José y María formaban una pareja de prometidos, que todavía no vivían juntos. Sin duda, como todas las parejas de aquel tiempo, soñaban con poder finalmente vivir como esposos y tener hijos. Pero de pronto Dios irrumpió en la vida de María a la que eligió para ser su madre por obra del Espíritu Santo. José de pronto se da cuenta de que María está encinta, pero en un primer momento no conoce el misterio de la concepción virginal de Jesús (Mt 1,18-24).

José experimenta una crisis profunda pues no sabe por dónde tirar. Su obligación era denunciarla y quedar libre de todo compromiso, pero esto choca con su manera de ser, un hombre justo, un hombre de Dios. Denunciar a María habría sido hacer recaer sobre ella el peso de la Ley y causarle sin duda alguna un gran mal. Probablemente José intuye que María es inocente y experimenta ante ella un temor reverencial, pero no sabe el significado de lo ocurrido.

En su discernimiento llega a la conclusión de que lo mejor es repudiarla o abandonarla en secreto, sin tener que enfrentarse con ella ni causarle ningún mal.
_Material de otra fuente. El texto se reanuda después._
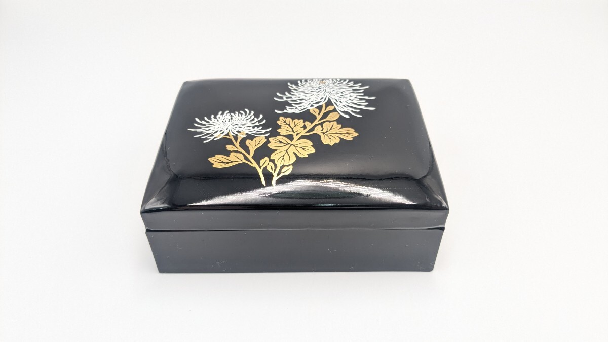 - アンティーク 漆器 黒 小物入れ 小箱 菊
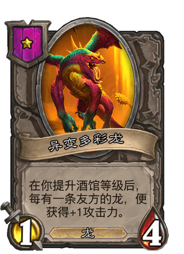 145077:在你提升酒馆等级后,每有一条友方的龙,便获得+1/+1。

Cuando ha tomado esta decisión se le revela el misterio de la concepción virginal de Jesús. María ha concebido por obra del Espíritu Santo y no por obra de varón. Respecto a ese niño, ante la gente, él será el padre y deberá ponerle por nombre Jesús, porque es el Salvador.  José es introducido en el misterio y también nosotros, lectores, recibimos el significado de ese misterio. Se trata del cumplimiento de la profecía del Emmanuel que anuncia que una virgen dará a luz. Es Jesús, y no el hijo del antiguo rey, el verdadero Emmanuel, el Dios- con- nosotros (Is 7,10-14).

Para el creyente, el misterio tan sólo se nos desvela en la Sagrada Escritura, en la Palabra de Dios. Es el anuncio de esa palabra el que invita a la fe. La fe nos permite ver las cosas como Dios las ve y descubrir que para Dios nada es imposible. La Palabra de Dios, el Evangelio, nos revela el misterio de Jesús, Hijo de Dios e Hijo de María. Pablo ha sido elegido apóstol de Cristo para anunciar esa Buena Noticia referente a Jesús (Rm 1,1-7). También José y María fueron los primeros destinatarios de ese Evangelio: Jesús es el Salvador. La salvación es obra de Dios y el hombre no puede fabricarla con sus recursos. La concepción virginal muestra de manera palpable ese misterio. Jesús no ha sido concebido por obra de varón sino que ha sido recibido y acogido virginalmente por María. Es el Espíritu de Dios el que ha hecho surgir en su seno la vida como una nueva creación. Tampoco el primer hombre nació por obra de varón sino que salió de las manos de Dios.

Ante el gran misterio de la venida de Dios, José debió experimentar el temor sagrado y la fascinación. ¿Quién está a la altura de poder vivir al lado del Hijo de Dios y de su Madre? Fiándose de la palabra de Dios, José se dejó llevar, sin embargo, de la fascinación de la cercanía de Dios y de ver a Dios. Éste es sin duda el deseo más profundo del hombre. Ahora José ya no duda ni un momento. Como creyente hace lo que Dios le pide y pone su vida al servicio de la obra de la redención. Acojamos también nosotros en esta eucaristía con fe al Señor que viene y pongamos nuestras vidas a su disposición para que Él pueda continuar haciéndose presente en nuestro mundo.